What you give back from the listing below should be an exact copy of the lines from the one with "Bionda che si diverte con una pole dance" down to the one with "대화를 나누고 있다. |", and it should contain no pictures.

▸ Source data
**********

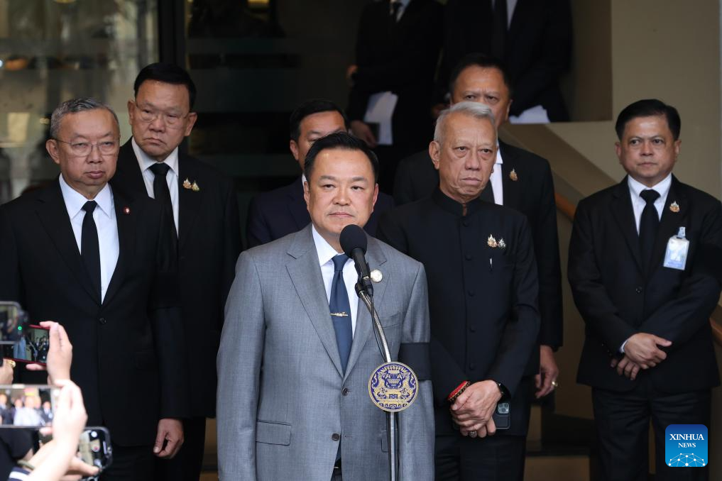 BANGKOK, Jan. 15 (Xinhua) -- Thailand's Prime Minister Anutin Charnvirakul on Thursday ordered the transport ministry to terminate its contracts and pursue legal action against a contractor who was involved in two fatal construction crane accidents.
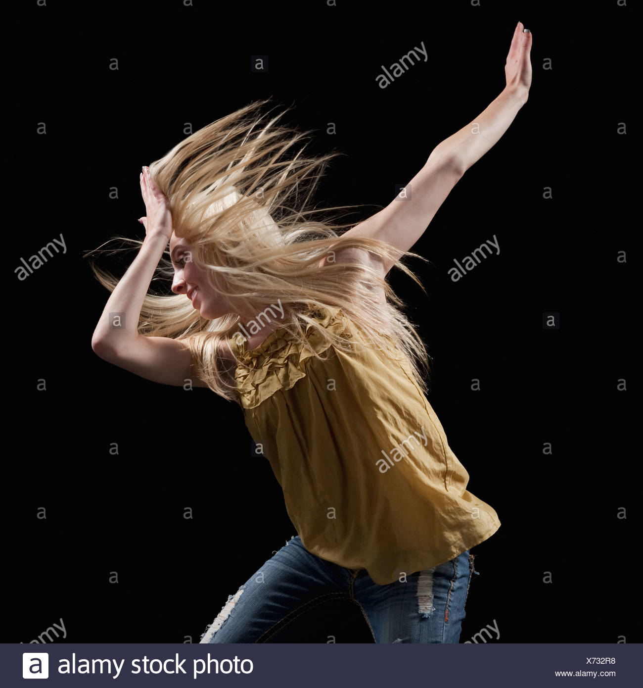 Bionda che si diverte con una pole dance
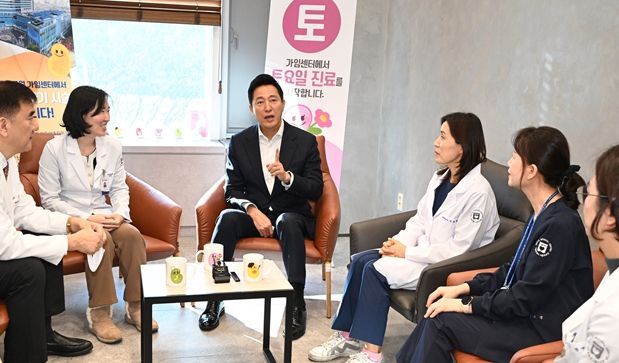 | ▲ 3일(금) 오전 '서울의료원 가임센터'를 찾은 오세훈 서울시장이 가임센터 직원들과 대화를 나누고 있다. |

**********

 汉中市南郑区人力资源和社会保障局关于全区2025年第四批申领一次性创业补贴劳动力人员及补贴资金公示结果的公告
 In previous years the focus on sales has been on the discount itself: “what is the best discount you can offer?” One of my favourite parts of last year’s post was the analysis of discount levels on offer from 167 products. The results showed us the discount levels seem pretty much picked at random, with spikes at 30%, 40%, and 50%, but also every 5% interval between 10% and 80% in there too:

**********

▸ Expected answer
 Bionda che si diverte con una pole dance
 | ▲ 3일(금) 오전 '서울의료원 가임센터'를 찾은 오세훈 서울시장이 가임센터 직원들과 대화를 나누고 있다. |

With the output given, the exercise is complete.